I have a dataframe having the following columns
'CUSTOMER_ID','ORDERED_TIME','ORDER_ID'
Here, ORDERED_TIME
is a timestamp field indicating when the order was placed, CUSTOMER_ID
is the customer id (INTEGER) and ORDER_ID
is the order_id (INTEGER)
Now, from this dataframe, for every order made in the month of Jan to March 2021, I need to find out the time the previous order was placed just before ORDERED_TIME
. Let's call this column PREV_ORDER_TIME
The dataframe includes order data all the way back to 2019. However, I am only computing PREV_ORDER_TIME
for all orders made between Jan to March. If there is no PREV_ORDER_TIME
order for an order, I would like to display null
My final expected output is something like ['CUSTOMER_ID','ORDERED_TIME','ORDER_ID','PREV_ORDER_TIME']

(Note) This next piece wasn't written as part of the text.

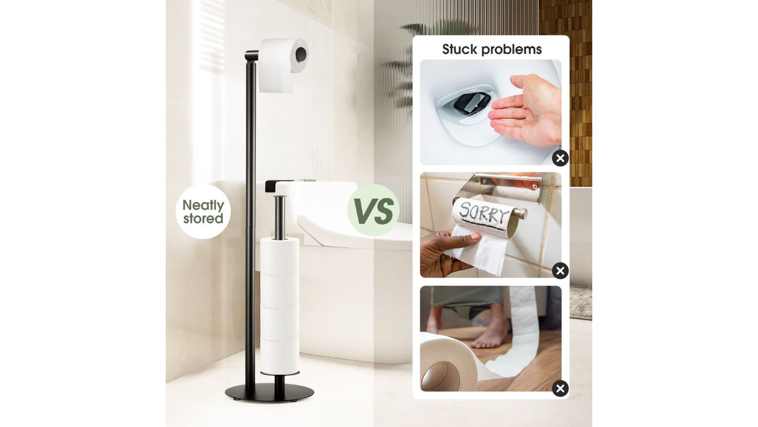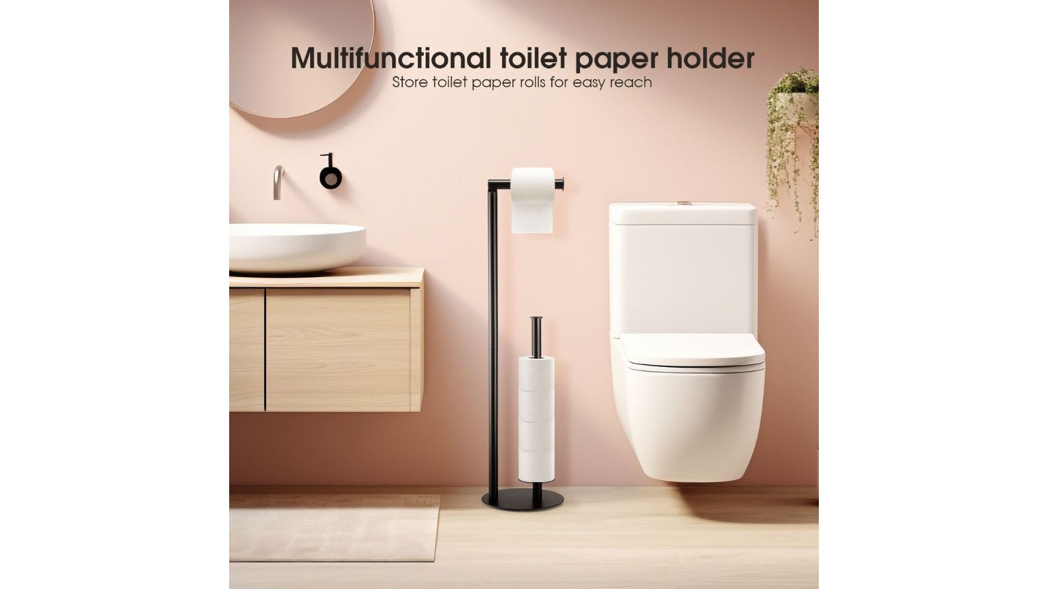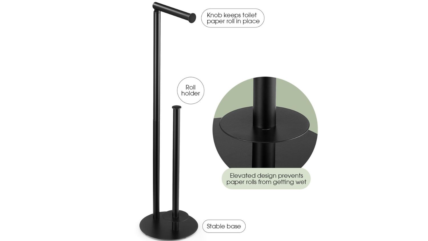 Keep your bathroom and kitchen organised with the Luxsuite Toilet Paper Holder. This freestanding holder gives your toilet rolls the perfect place to hang and store. Made from high-quality metal with a smooth black finish, it’s fully waterproof and rustproof. The steady base and anti-slip rubber pads also prevent sliding, while the vertical pole keeps spare rolls close and tidy.
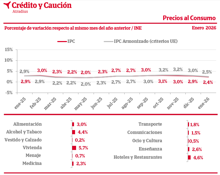 En enero de 2026, el Índice de Precios de Consumo español (IPC) se sitúa en el 2,4% interanual, según los datos adelantados del INE.

The way I understand, for some orders in these 3 months, the previous orders can be in these 3 months, but for some other orders, it may well be before this window.
I am not sure how to approach this. I feel like I might need to use some binary search to find the closest date, but am not really sure how to make this work only for orders from Jan to March despite my dataset containing orders well before that.
Please let me know if any other information is needed
Any help would be appreciated. Thanks
CodePudding user response:
You can use lag
function over a window, as follow:
from pyspark.sql import Window
from pyspark.sql import functions as F
window = Window().partitionBy("CUSTOMER_ID").orderBy('ORDERED_TIME')
dataframe.withColumn('PREV_ORDER_TIME', F.lag('ORDERED_TIME').over(window))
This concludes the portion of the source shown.